君よ知るやテロリストの悲しき心

執筆者:徳岡孝夫2003年8月号

 金持ち喧嘩せず。ハシタ金を奪い合う貧乏人の心理は、おっとり構えた富者には分らない。同様に、住むべき安全な家を持つ者には、家なき子の嘆きが理解できない。 憎悪うず巻くパレスチナでは、紛争に割って入ったブッシュ米大統領の示した「ロードマップ」に従い、ガザ地区の流血がしばし熄んだ。貴重な平和の一刻だが、誰もそれが続くとは考えていない。ハマス、イスラム聖戦等は武闘の停止を一時宣言したが、それは条件付き期限付きである。イスラエル軍もガザ北部から撤収したが、いつでもまた入って来る。 中東以外の土地で平和に暮らしている人々は、あの殺し合いをいつまでやる気かと、半ば呆れている。双方とも、一時停戦する分別と度量があるなら、永久停戦のできない理由があろうか。なぜ性懲りもなく不毛の自爆テロを続けるのか? 中東紛争にうんざりしている人々は、ちょっと北アイルランドの先例を見るがいい。
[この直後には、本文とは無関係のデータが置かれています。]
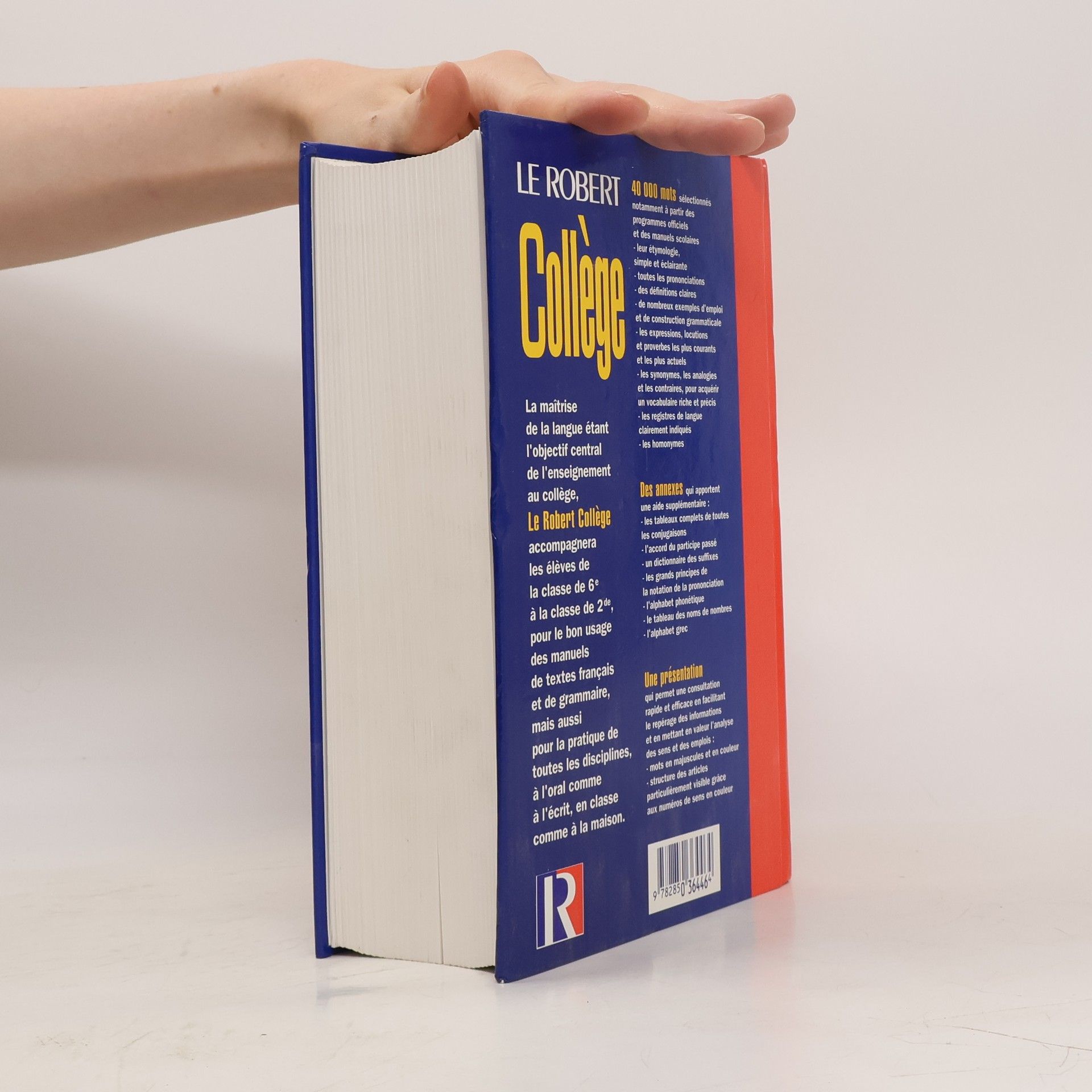 40 000 mots sélectionnés notamment à partir des programmes officiels et des manuels scolaires - leur étymologie, simple et éclairante - toutes les prononciations - des définitions claires - de nombreux exemples d'emploi et de construction grammaticale - les expressions, locutions et proverbes les plus courants et les plus actuels - les synonymes, les analogies et les contraires, pour acquérir un vocabulaire riche et précis - les registres de langue clairement indiqués - les homonymes Des annexes qui apportent une aide supplémentaire : - les tableaux complets de toutes les conjugaisons - l'accord du participe passé - un dictionnaire des suffixes - les grands principes de la notation de la prononciation - l'alphabet phonétique - le tableau des noms de nombres - l'alphabet grec Une présentation qui permet une consultation rapide et efficace en facilitant le repérage des informations et en mettant en valeur l'analyse des sens et des emplois : - mots en majuscules et en couleur - structure des articles particulièrement visible grâce aux numéros de sens en couleur La maîtrise de la langue étant l'objectif central de l'enseignement au collège, Le Robert Collège accompagnera l'élève de la classe de 6° à la classe de 2de pour le bon usage des manuels de textes français et de grammaire, mais aussi pour la pratique de toutes les disciplines, à l'oral comme à l'écrit, en classe comme à la maison.
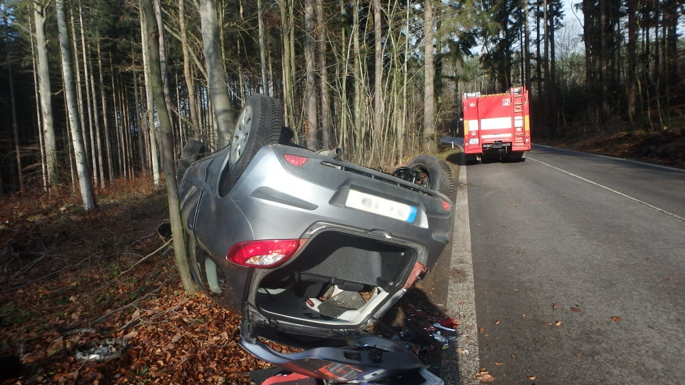Automobil skončil zdemolovaný na střeše, nehoda si vyžádala jednu zraněnou osobu
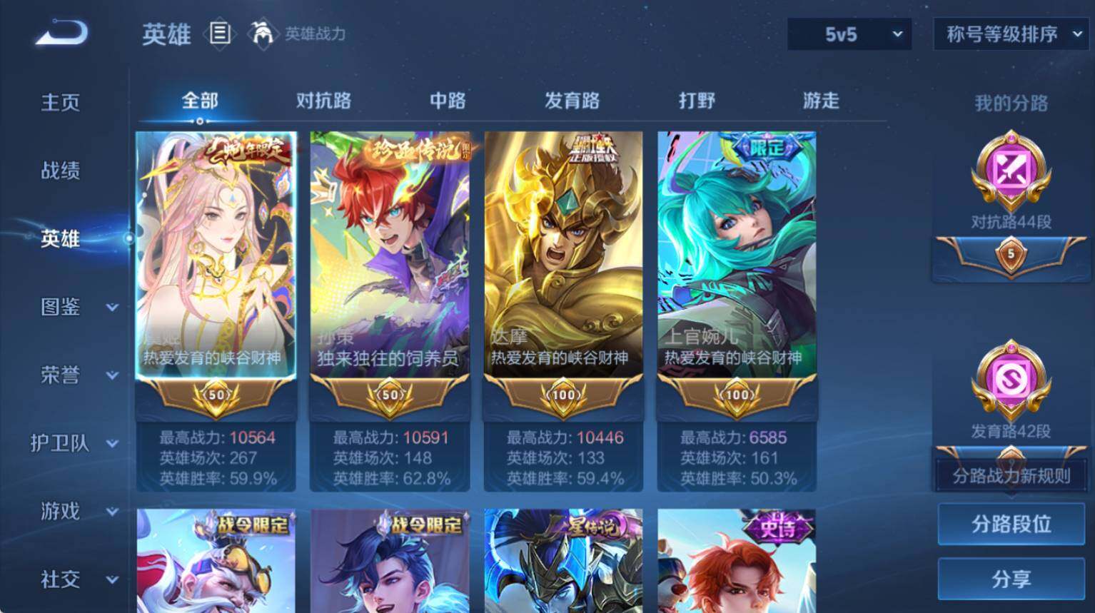 【极品对抗发育路号对抗路44段发育路42段4金标万战虞姬万战孙策万战达摩1典藏1
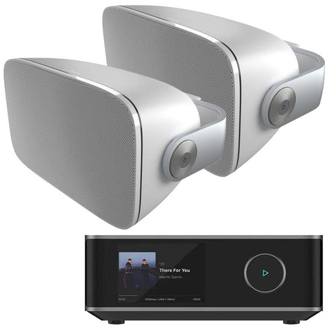 This package consists of a WiiM Amp Ultra (Space Grey) and 2 x B&W AM-1 Outdoor Speakers.
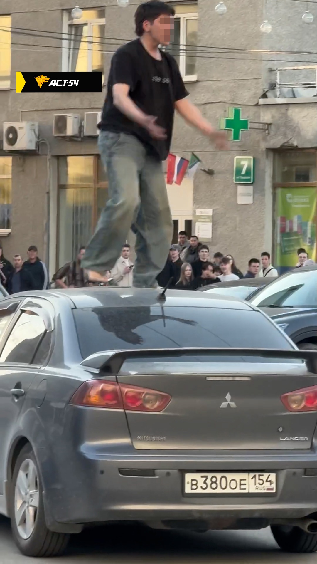 В четверг вечером в Новосибирске на Красном проспекте у площади Ленина неадекват прыгал на крышах припаркованных на платной парковке автомобилей, при этом громко матерясь на виду у всех прохожих.
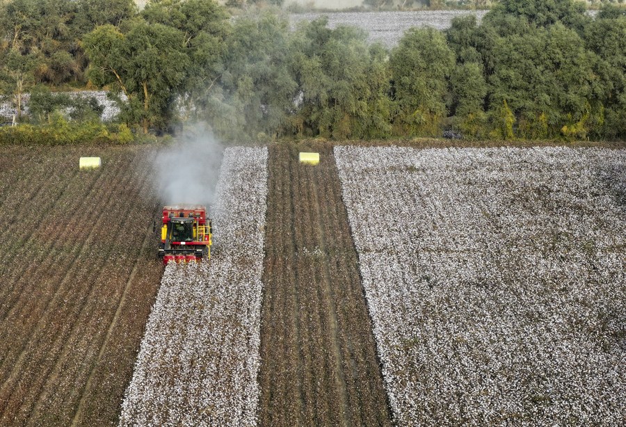 This aerial photo taken on Oct. 20, 2023 shows a harvester working at a cotton field in Weili County, Bayingolin Mongolian Autonomous Prefecture, northwest China's Xinjiang Uygur Autonomous Region. (Xinhua/Wang Fei)

IRA(アイルランド共和軍)は、ともかくも銃を置いてテロを捨てた。 それはケルト人のカトリック(アイルランド)とアングロサクソンのプロテスタント(イギリス)の千年近い争いであった。どちらの宗教も愛を説き、世界中に宣教師を送って、悔い改めよ隣人を愛せと教えてきた。宗教戦争はとっくの昔に終わっている。北アイルランドでのみ、テロと弾圧で血を流し合って二十一世紀に及んだ。パレスチナ問題の根源(パレスチナ過激派に言わせれば元凶)であるイスラエルは、建国から五十年ほどしか経たない。